**Data section**.

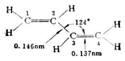 在1,3-丁二烯分子中,两个C=C的键长为0.137nm,比一般的烯烃分子中的C=C的键长(0.133nm)长,而C(2)-C(3)键长为0.146nm,它比一般的烷烃分子中的C-C的键长(0.154nm)短,这种现象叫做键长的平均化。
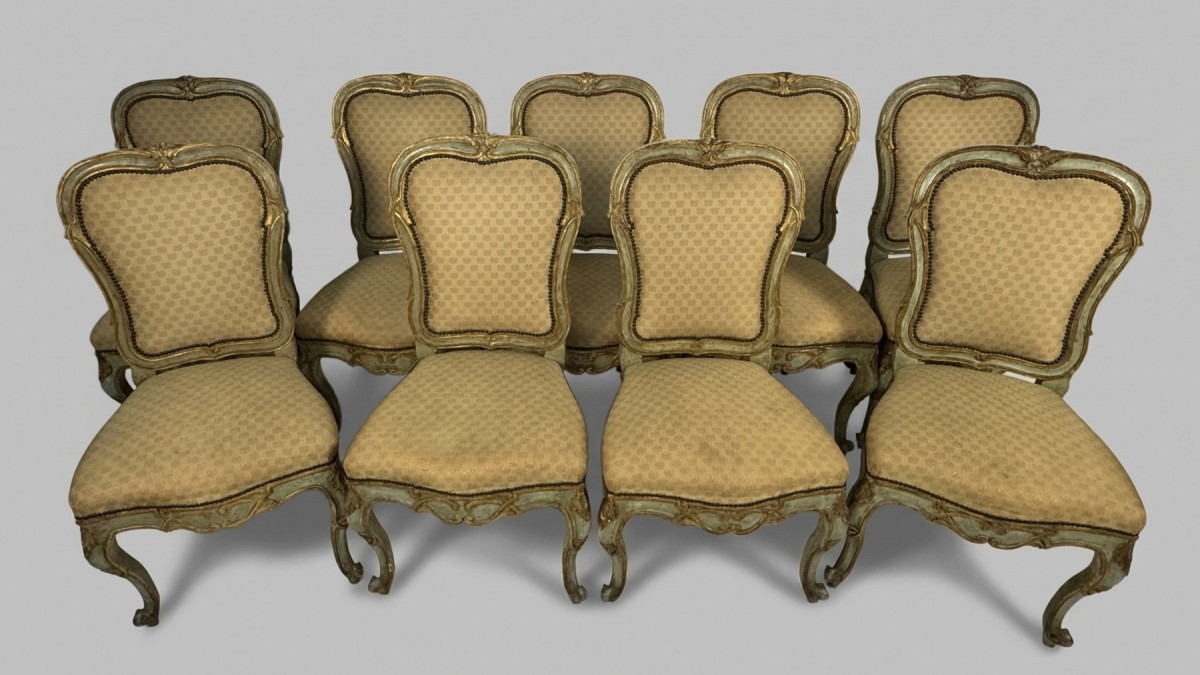 Set of nine green lacquered wooden chairs with gold trim, 18th century. The backrest is contoured with intertwined scrollwork trim, forming a small leaf motif; the same decoration is repeated on the waistband. Arched legs with a rocaille motif and curled feet. The backrest and seat are padded and upholstered in yellow fabric with small lilies. 97 x 52.5 x 47 cm.
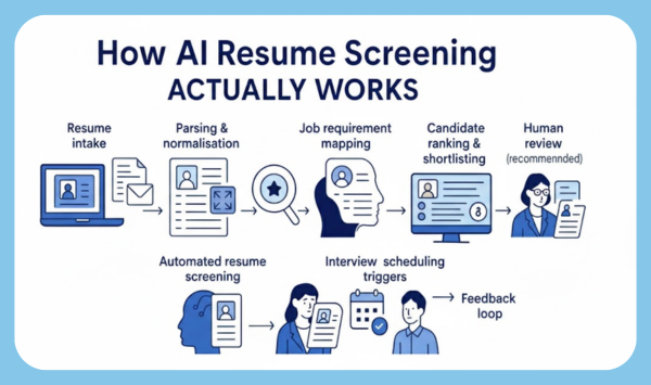 AI resume screening uses artificial intelligence to automatically read, analyze, and shortlist resumes based on job requirements such as skills, experience, and education.

**Aim of the task**.
From the line containing "Set of nine" to the end of the listing, restate each line word for word and nothing more; the pictures stay out.

**Your response**.
 Set of nine green lacquered wooden chairs with gold trim, 18th century. The backrest is contoured with intertwined scrollwork trim, forming a small leaf motif; the same decoration is repeated on the waistband. Arched legs with a rocaille motif and curled feet. The backrest and seat are padded and upholstered in yellow fabric with small lilies. 97 x 52.5 x 47 cm.
 AI resume screening uses artificial intelligence to automatically read, analyze, and shortlist resumes based on job requirements such as skills, experience, and education.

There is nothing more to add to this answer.